Somalia. Storica visita di Ban Ki-moon a Mogadiscio. Mons. Bertin: segno di speranza
“Fermare la violenza e partecipare al processo di pace in Somalia”: è l'appello lanciato
dal segretario generale dell'Onu, Ban Ki-moon, ai miliziani islamici di al Shabaab,
nel corso della sua visita di oggi a Mogadiscio. È la prima volta, dopo lo scoppio
della guerra civile nel 1991, che un segretario generale delle Nazioni Unite compie
una visita nella capitale del Paese africano. Ban è stato accolto all'aeroporto di
Mogadiscio dal primo ministro somalo, Abdiweli Mohamed Ali. Grande felicitazione per
questa visita è stata espressa dal mons.

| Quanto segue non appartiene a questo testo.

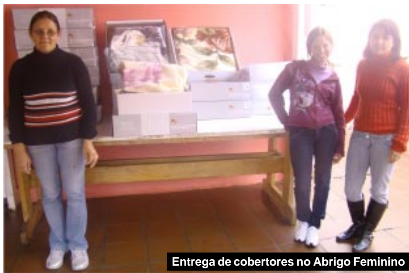
Entrega de cobertores no Abrigo Feminino

Giorgio Bertin, vescovo di Gibuti
e amministratore apostolico della diocesi di Mogadiscio, al microfono della collega
della nostra redazione francese, Marie Duhamel:
R. – Io vedo
la venuta di Ban Ki-moon come un segno di speranza, nel senso che il segretario generale
delle Nazioni Unite con questo gesto vuole appoggiare l’azione intrapresa in questi
ultimi mesi soprattutto dal suo rappresentante Augustine Mahiga in Somalia. E allora
per me più che una certezza di pace ritrovata, è un segno di speranza, un segno di
appoggio, verso un cammino sul quale bisognerà procedere.
D. – Come
l’Onu può oggi aiutare la Somalia a ritrovare la pace?
R. – Aiutare
la Somalia a ritrovare la pace significa di nuovo trovare un modo per cui il centro-sud
della Somalia possa abbandonare quella strada che ha preso da anni, questa strada
di totale mancanza di pace, di insicurezza, e prendere una strada nella quale attraverso
le diverse riforme, attraverso anche una nuova Costituzione, attraverso anche un nuovo
governo - bisogna ricordarsi che la rappresentante del segretario delle Nazioni Unite
sta lavorando su un “feuille de route” come si dice in francese - possa arrivare all’agosto
del 2012, possibilmente, con nuovi interlocutori per dare una rinascita al centro-sud
della Somalia.
D. - Ma questo significa che l’Onu potrebbe per esempio
essere mediatrice per aiutare gli Shabaab a tornare al dialogo per esempio?
R.
– Sì, è uno sforzo che probabilmente stanno facendo con gli Shabaab. Naturalmente,
io ho dubbi almeno sulla parte ideologizzata degli Shabaab. Bisognerà tener conto
che anche tra gli Shabaab ci sono legami con qualche clan della Somalia e con qualche
tribù somala e allora probabilmente bisognerà lasciare aperta la possibilità a un
dialogo con queste persone che si oppongono in questo momento a un processo di pace
ma che sono rimaste ancora sensibili al bene della loro propria popolazione, proprio
perché non sono tanto ideologizzate ma sono piuttosto rimaste legate a un certo senso
di scontentezza di fronte al processo politico che si sta portando avanti da un paio
d’anni dove bisogna riconoscere che c’è una forte presenza di corruzione. (bf)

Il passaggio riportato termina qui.